In reply to Tyler:
> (In reply to Rob Naylor)
> I've not read the details of this scheme, other than whats been said about it on this thread I won't comment on the details.
I suggest that if you do, you'll see where the objections lie.
> What angered me about a lot of the postings on this thread is the way that the concern for most was not the implication's of the scheme for Snowdonia's environment or the people who live there but the implication for the climbers pocket.
Not true...this scheme doesn't seem to do much for the environment. They want visitor numbers *up* and to that end are planning massive expansion of car parking in the Gateway towns...ie, bringing more cars *into the environment*.
>We've had people here complaining about being funneled to towns to be stripped of their money (the implication being the money grabbing bastards of Snowdonia are out to rip you off).
Yes, I've complained about that. The document specifically mentions that the average visitor spends less than a visitor to the Lakes, and specifically states that part of the strategy will include elements to ensure that people will spend money in the towns. This includes, as I've said above, a redeemable toekn system so that you get a rebate on your parking fee once you spend a certain amount of money in the town where you're parked.
Not for a minute suggesting that the general populace of Snowdonia is wanting to rip people off. From what I've gleaned from friends living there the *ordinary* people think this is a crackpot scheme. It's the politicians going for the "Objective 1" funding and the managemnt consultants from Cardiff who seem to me to be the "money grabbing bastards".
No one is being forced to spend money in the shops and cafes of 'Beris and Betws, if you're to weak willed to walk past a shop without popping in and buying somthing then tough.
Depends where they set the level for redeeming parking fees.

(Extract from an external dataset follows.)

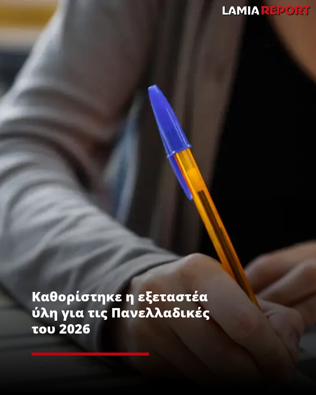 Καθορίστηκε από το Υπουργείο Παιδείας, Θρησκευμάτων και Αθλητισμού, η εξεταστέα ύλη για το έτος 2026 για τα μαθήματα που εξετάζονται πανελλαδικά για την εισαγωγή στην Τριτοβάθμια Εκπαίδευση αποφοίτων Γ’ τάξης Ημερήσιου Γενικού Λυκείου και Γ’ τάξης Εσπερινού Γενικού Λυκείου.

> It may well be that this scheme is unworkable and have a detremental affect on the area but instead of discussing alternatives people are whinging about paying up, if you go to a car park in any town you are expected to pay, so whats the difference when you come to a National park where the parking pressures are essentially the same. Oh the difference is now its a bunch of thieving Welsh farmers doing it, "Don't they realise we're English, they owe us".
Bollocks, Tyler. I'd quite happily pay up to park in a field near the crag, or even in the laybys in the valleys, should they become pay and display...as long as the money was used for outdoor-related services. I *always* put my quid in the box at Harrison's, which is more than most do, and I go there a lot. However, if I had to park in Tunbridge Wells at £6 per time, with a rebate if I spent more than £20 in "Country Trails", wait an hour for a bus to Harrison's and then have to keep an eye on the clock for a bus back, I think I'd just go to Swanage instead!

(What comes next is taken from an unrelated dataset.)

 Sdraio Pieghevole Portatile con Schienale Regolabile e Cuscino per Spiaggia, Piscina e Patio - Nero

> I appreciate Michealw's position that it might make things more expensive, but isn't that true of anything, how much was it to go to the Dome, or Alton Towers. The only person on this thread who had experience of the park and ride was very positive about it.
But this is a whole new ball game. Fine...set up an enhanced park and ride scheme. Make the laybys pay and display, but still let people park there. If the P & R turns out to be great, then fine, use of laybys will naturally wither away and the P & R scheme'll come to dominate. Snowdonia *isn't* a theme park.
It's the compulsion, the funnelling into specified areas and the cynical use of the "green" label in the SD as cover for what is in reality a car-use/visitor number *expanding* strategy which get up *my* nose, not the actual cost of a bit of parking.